Cat was silent. He could not see her, he could not hear her – he could not know whether she was smiling shyly at him, or whether she scowled or grimaced at the mere idea, or whether she was softly crying. He had to touch her.
He moved as gracefully as possible so as not to startle her or the priest, but in a bound he was at her feet, his knees on the hem of her gown. He could feel the warmth of her own knees against his chest, but it was her hands he wanted. Her hands were all he truly knew of her.
She could have pulled them well away, but he found them and held them fast, though they struggled in his hands like angry fish. He pressed them against his closed eyes, dimly hoping he would thus be able to see her better. He did not think the priest would let him touch her for long.
The last time he had touched her, he had felt such agony that he had let go of her hand. He was startled to find that she was still in pain, and surprised too that the fire in her did not come leaping up to meet him as it always had, but brooded away inside of her, and he had to go deep to find it.
Nor was it the bright, dancing fire he had put into her. It smoldered, sullen, like a fire buried beneath the earth and too long deprived of air. Its heart was no bright ember, nor even a light lump of charcoal eager for a flame, but a fire he scarcely recognized – something heavy and oozing, infernally hot, and dark and glassy at its crackling edges.
“Let it breathe, Cat!” he gasped, though he scarcely knew what he meant himself. “Don’t be afraid!”
Catan moaned, and he could feel her misery. The priest was scolding him, but he scarcely heard. He was certain he could help her understand if only he could touch her – but not only her hands. He needed to touch her face, touch her neck, touch her back, touch her hips, touch all the rest of her – and not only with his hands.
But he had only her hands, and he had only a moment. He brought her hands to his lips and kissed each of her fingers one by one, desperately, and when he had kissed all eight he whispered, “Let me touch you.”
That had not been the most diplomatic thing to say in the presence of a priest.
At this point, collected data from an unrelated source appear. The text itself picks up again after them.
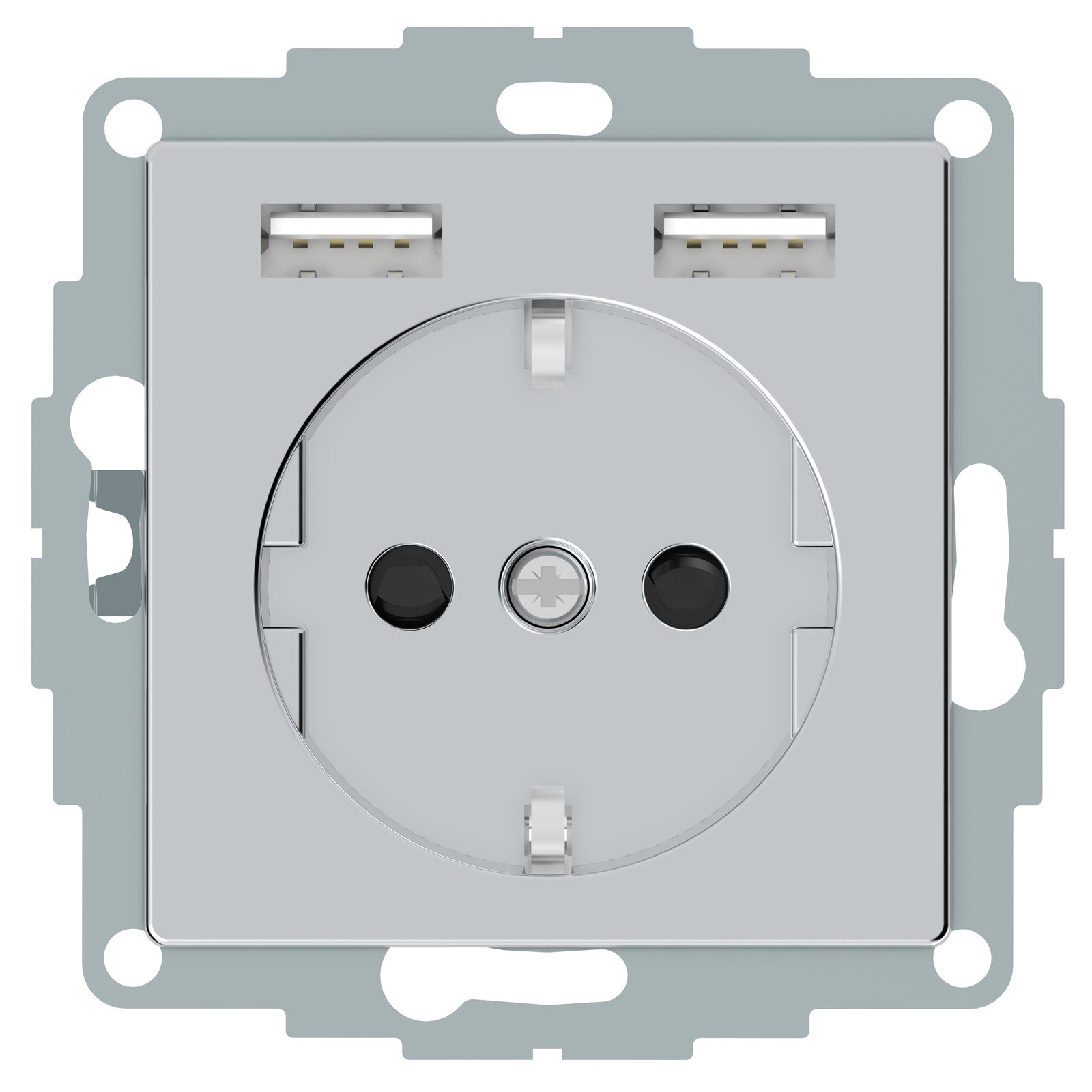 Steckdose 1f alu mt 2USB-A UP m.BS USB IP20 Mit erhöhtem Berührungsschutz
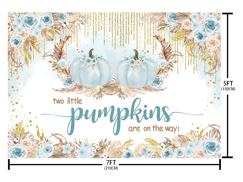 AIBIIN 2,1 X 1,5 M Herbst Kürbis Zwillinge Babyparty Hintergrund Herbst Zwei Kleine Kürbisse Zwei Jungen Sind Auf Dem Weg Willkommen Party Dekorationen Rosa Blau Boho Floral Fotografie Hintergrund
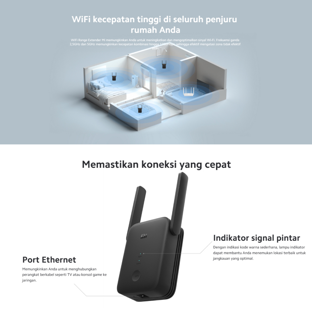 Xiaomi WiFi Range Extender AC1200 | 2 Eksternal Antena | Dual-band 2,4 GHz dan 5 GHz | Kecepatan Hingga 1200Mbps
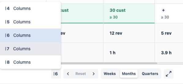 At the bottom of the table, switch between Weeks, Months, and Quarters to change the time granularity, and choose how many columns to display — from 4 to 8. There’s also a full-screen button to expand the view when you need more space.
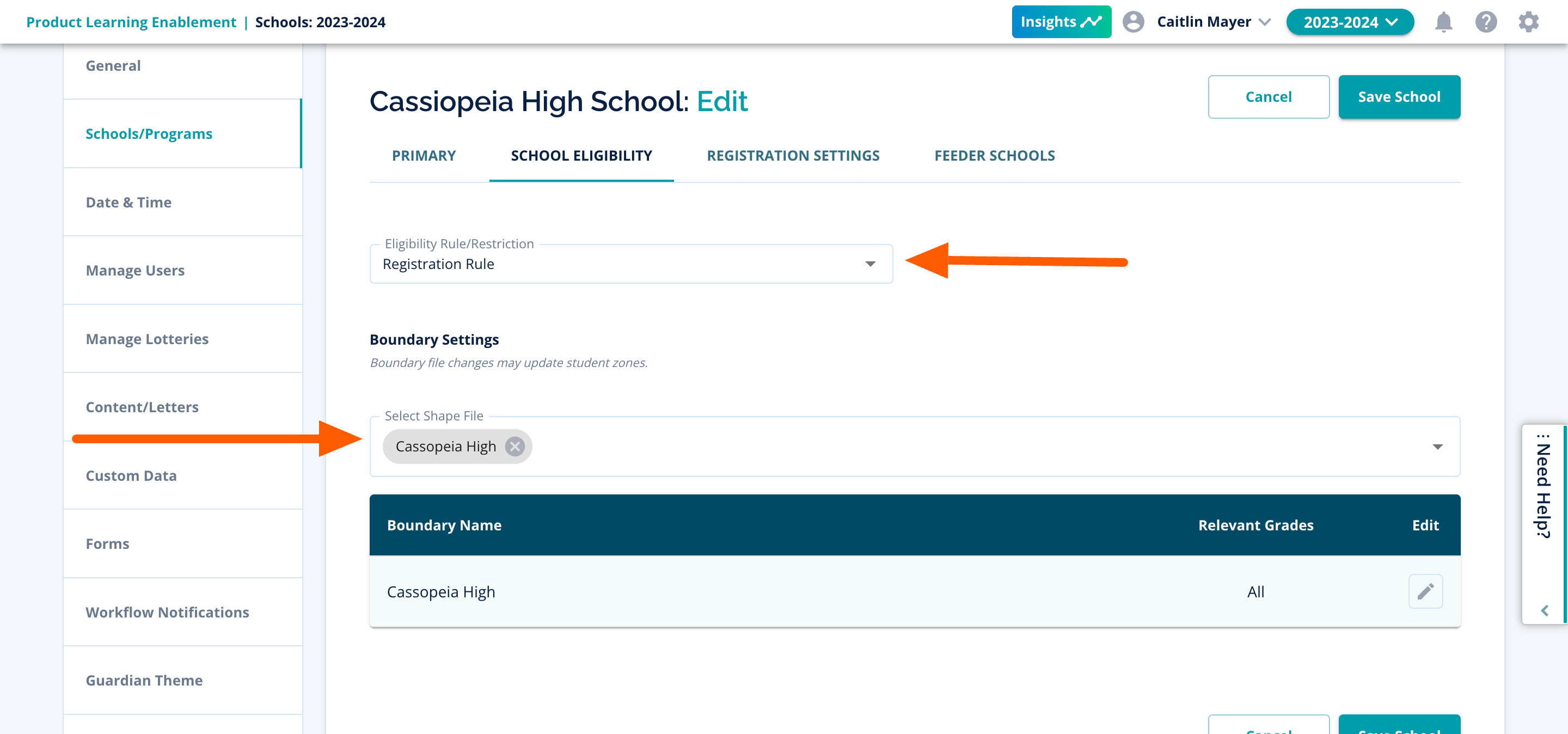 The top settings you'll want to review here will be the Eligibility Rules/Restrictions and the Boundary Settings. These two settings will typically help to dictate where students are allowed to apply.

Suddenly a hand hooked itself beneath his collar, and a surprisingly strong arm hoisted him to his feet.
“I will not allow you to distress her.”
“I won’t hurt her!” he sobbed.
“Nor hurt her. Come with me, Friend.”
“Cat!” He could hear her short, gasping breaths, and he knew she was crying.
But the Abbot took his elbow and led him away. “If you love her, you will realize that touching her is not the most important thing. When you are able to say to her, as Ruth said to Naomi, ‘Thy people shall be my people, and thy God my God,’ then you may look to her to be your wife, if she will have you. Only afterwards may you permit yourself to touch her.”
“I only want her to trust me…”
“You will have time enough to earn her trust,” the priest said grimly. “Now come away with me.”